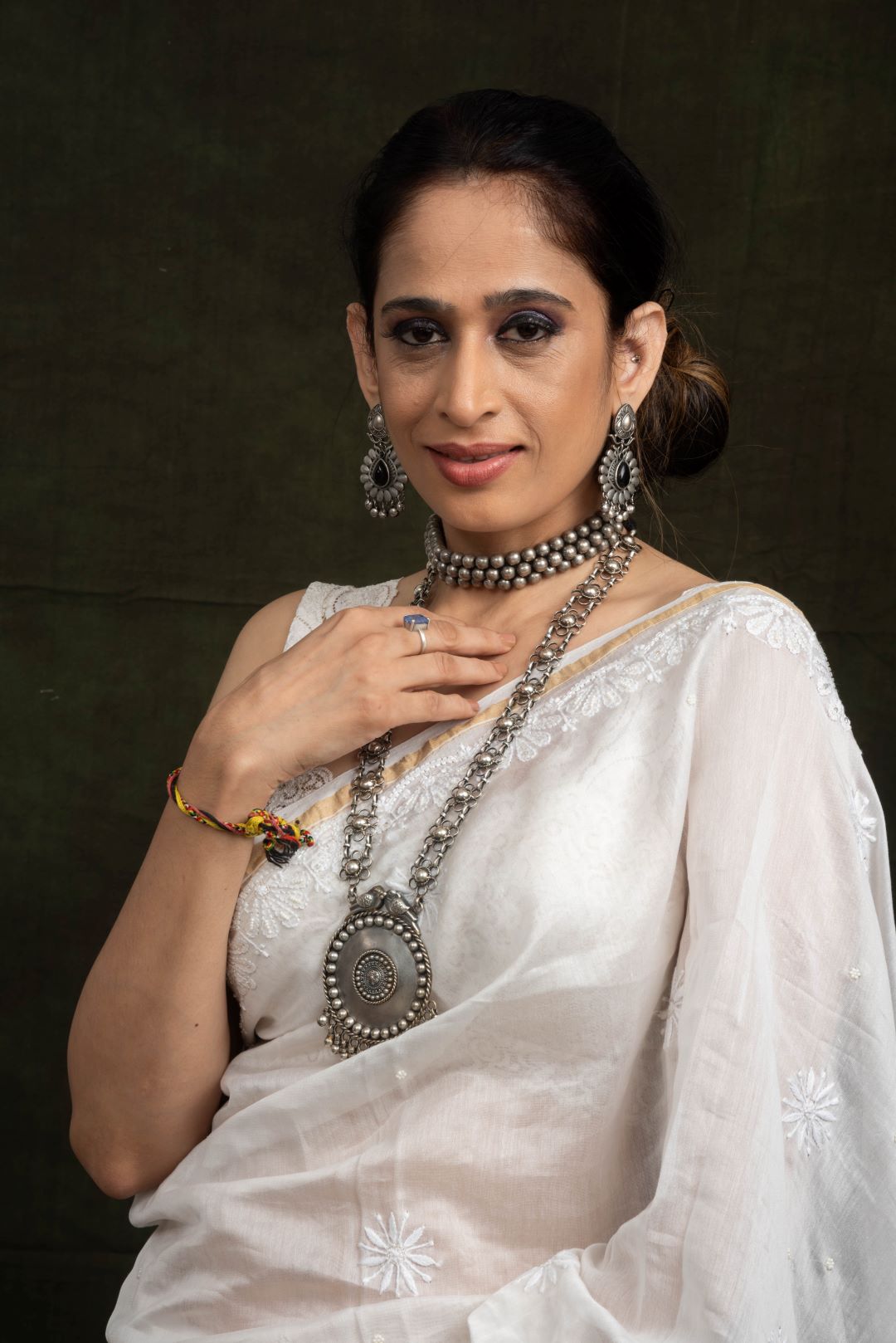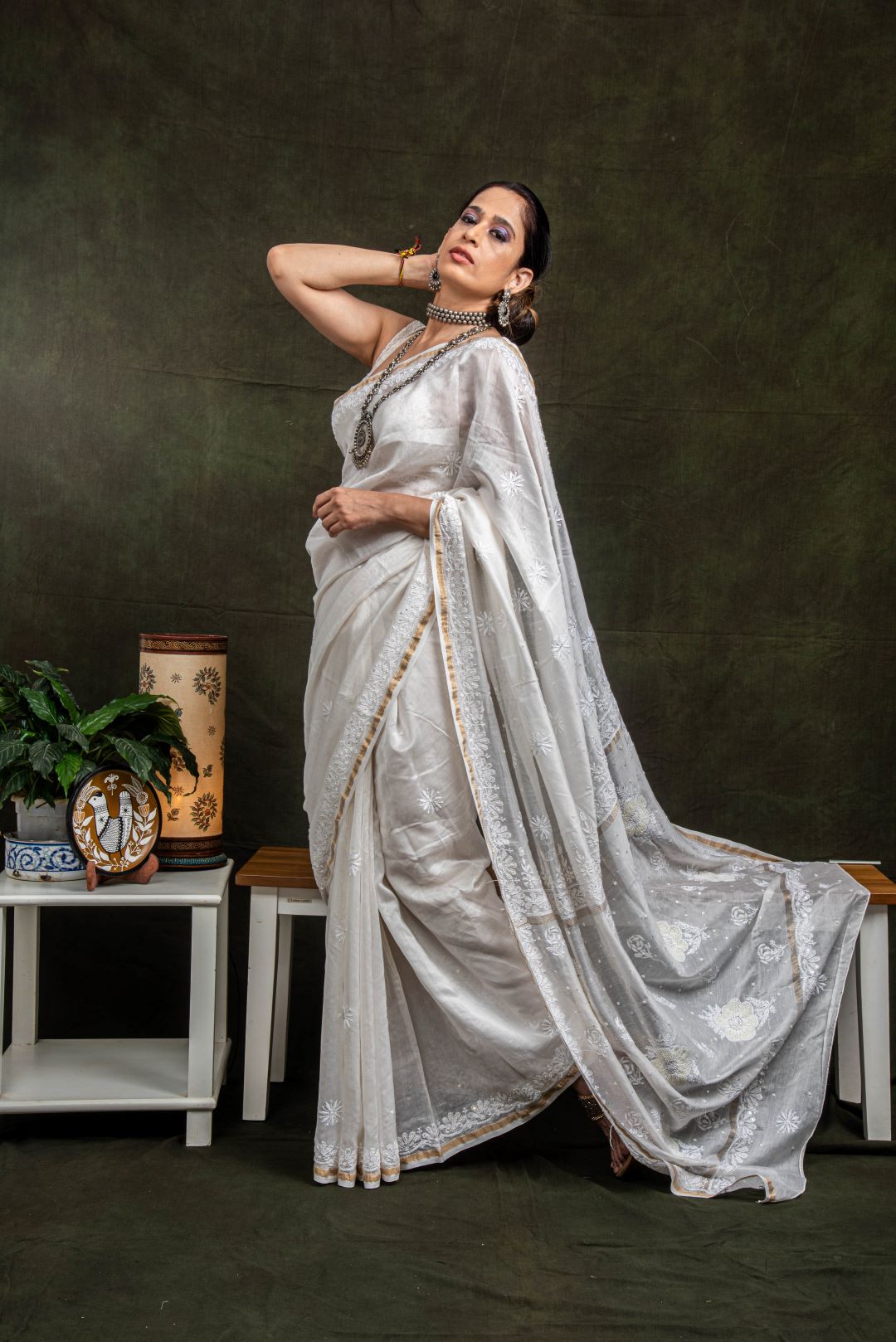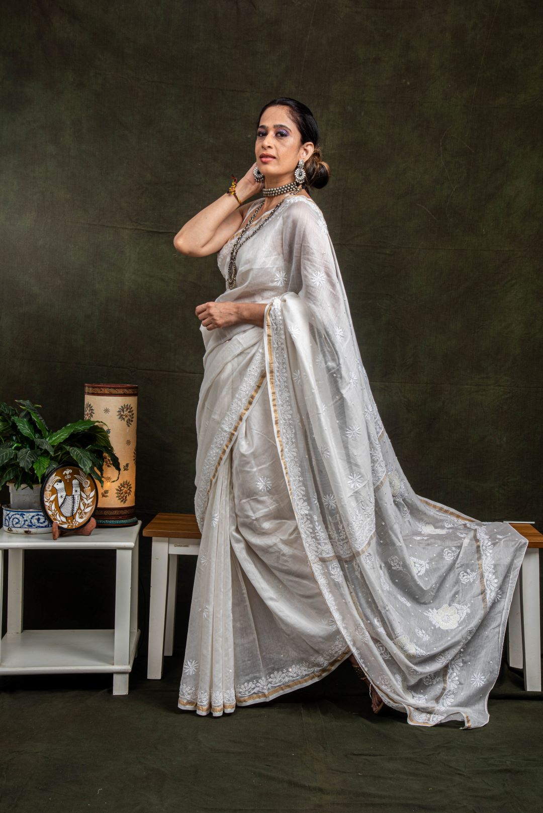 A superbly hand embroidered saree by our women artisans of UP, this is a cotton silk chanderi that's not just comfortable to wear it any weather, but also elegant and classy with hand worked threads and beads in white making this a subtly elegant saree to wear.
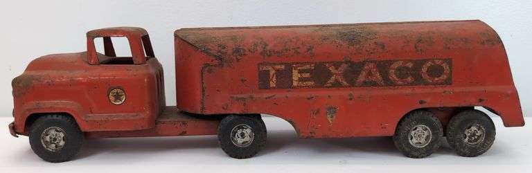 Buddy L pressed steel Texaco tanker truck in original paint with rust. Truck has a bent bumper and grill is missing the drivers side "wing". Truck measures approximately 24 inches long.
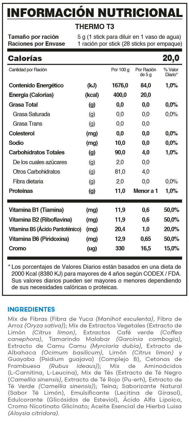 Delicioso mix de tres tés, con limón y extractos vegetales que promueve un óptimo metabolismo, generando energía a partir de la grasa acumulada en el cuerpo. Por lo que contribuye a la reducción de medidas y la pérdida de peso (*), para lograr un organismo más saludable. (**) (*) Junto a una dieta balanceada y ejercicio. (**) Se considera al sobrepeso como un factor de riesgo para diversas enfermedades.
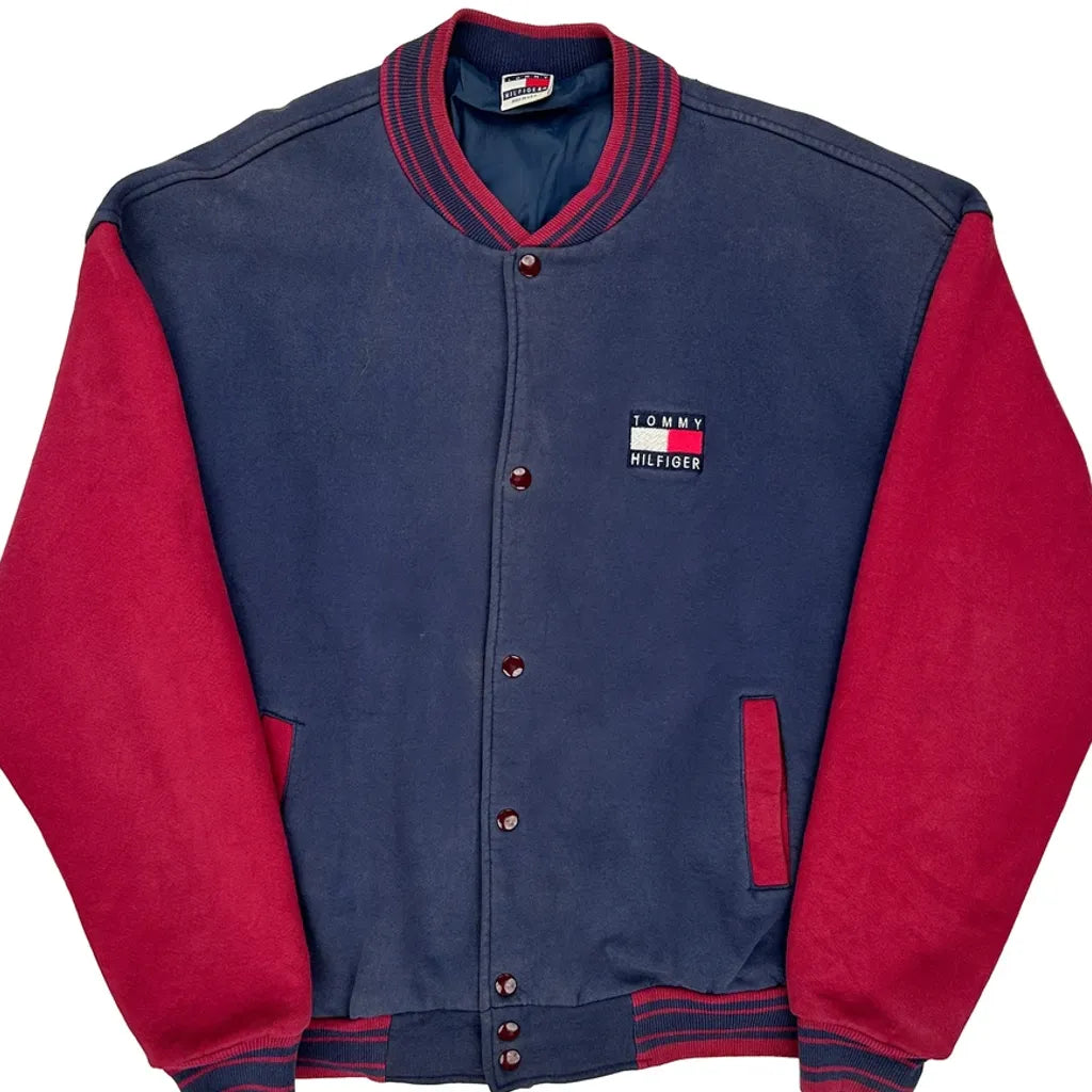 Made In USA Tommy Hilfiger Varsity Jacket - 2XL Navy Cotton
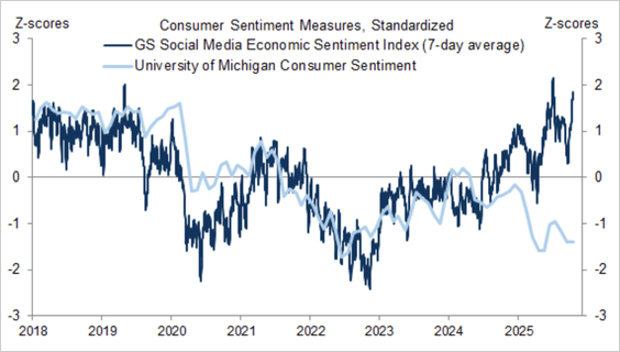 Social media sentiment, on the other hand, has remained buoyant, meaningfully diverging from survey-based consumer sentiment.
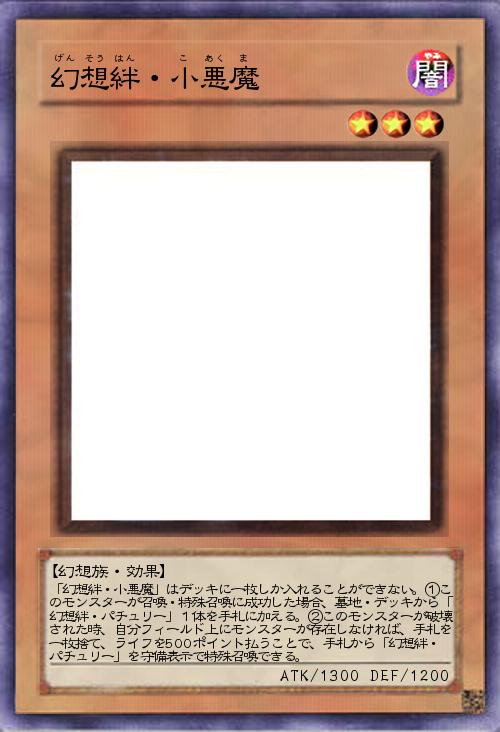 | 「幻想絆・小悪魔」はデッキに一枚しか入れることができない。①このモンスターが召喚・特殊召喚に成功した場合、墓地・デッキから「幻想絆・パチュリー」1体を手札に加える。②このモンスターが破壊された時、自分フィールド上にモンスターが存在しなければ、手札を一枚捨て、ライフを500ポイント払うことで、手札から「幻想絆・パチュリー」を守備表示で特殊召喚できる。 | |||
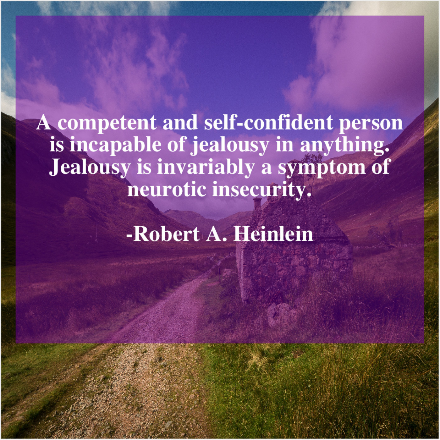 Robert A. Heinlein Robert A. Heinlein – A competent and self-confident… April 23, 2019 admin “A competent and self-confident person is incapable of jealousy in anything. Jealousy is invariably a symptom of neurotic insecurity.”-Robert A. Heinlein
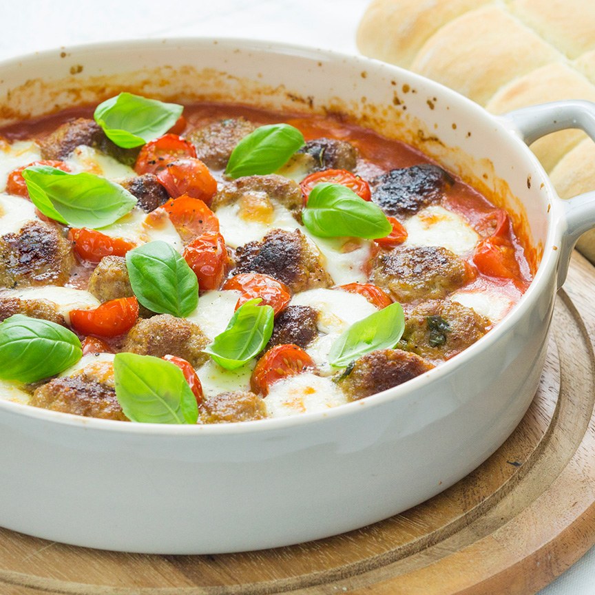 3. Snijd de tomaatjes en mozzarella klein en verdeel tussen de gehaktballetjes. Zet de ovenschaal ca 25 minuten in de oven. Zet eventueel de laatste paar min de grill aan voor een mooi bruin korstje. Leg er voor het serveren wat verse basilicum op. Lekker met wat brood of pasta.
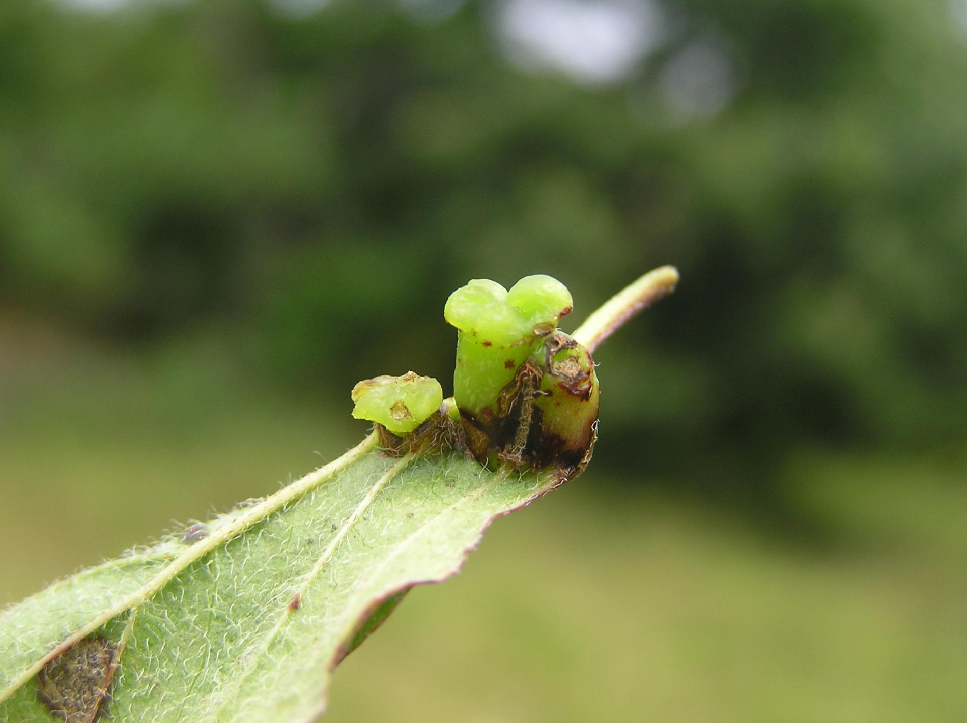 On leaves are found massive galls. On the upperside of the leaf they look like relatively regular, smooth, conical outgrowths, about 5-6 mm tall, on the underside of the leaf they are like irregular ‘roots’ of the same shape, about 8-15 mm long.

━━━━━━━━━━━━━━━━━━━━━━━━━━━━━━

### REQUIREMENT
Set each line of the records down again exactly as it reads. Omit the pictures.

### OUTPUT FOR THIS TASK
 A superbly hand embroidered saree by our women artisans of UP, this is a cotton silk chanderi that's not just comfortable to wear it any weather, but also elegant and classy with hand worked threads and beads in white making this a subtly elegant saree to wear.
 Buddy L pressed steel Texaco tanker truck in original paint with rust. Truck has a bent bumper and grill is missing the drivers side "wing". Truck measures approximately 24 inches long.
 Delicioso mix de tres tés, con limón y extractos vegetales que promueve un óptimo metabolismo, generando energía a partir de la grasa acumulada en el cuerpo. Por lo que contribuye a la reducción de medidas y la pérdida de peso (*), para lograr un organismo más saludable. (**) (*) Junto a una dieta balanceada y ejercicio. (**) Se considera al sobrepeso como un factor de riesgo para diversas enfermedades.
 Made In USA Tommy Hilfiger Varsity Jacket - 2XL Navy Cotton
 Social media sentiment, on the other hand, has remained buoyant, meaningfully diverging from survey-based consumer sentiment.
 | 「幻想絆・小悪魔」はデッキに一枚しか入れることができない。①このモンスターが召喚・特殊召喚に成功した場合、墓地・デッキから「幻想絆・パチュリー」1体を手札に加える。②このモンスターが破壊された時、自分フィールド上にモンスターが存在しなければ、手札を一枚捨て、ライフを500ポイント払うことで、手札から「幻想絆・パチュリー」を守備表示で特殊召喚できる。 | |||
 Robert A. Heinlein Robert A. Heinlein – A competent and self-confident… April 23, 2019 admin “A competent and self-confident person is incapable of jealousy in anything. Jealousy is invariably a symptom of neurotic insecurity.”-Robert A. Heinlein
 3. Snijd de tomaatjes en mozzarella klein en verdeel tussen de gehaktballetjes. Zet de ovenschaal ca 25 minuten in de oven. Zet eventueel de laatste paar min de grill aan voor een mooi bruin korstje. Leg er voor het serveren wat verse basilicum op. Lekker met wat brood of pasta.
 On leaves are found massive galls. On the upperside of the leaf they look like relatively regular, smooth, conical outgrowths, about 5-6 mm tall, on the underside of the leaf they are like irregular ‘roots’ of the same shape, about 8-15 mm long.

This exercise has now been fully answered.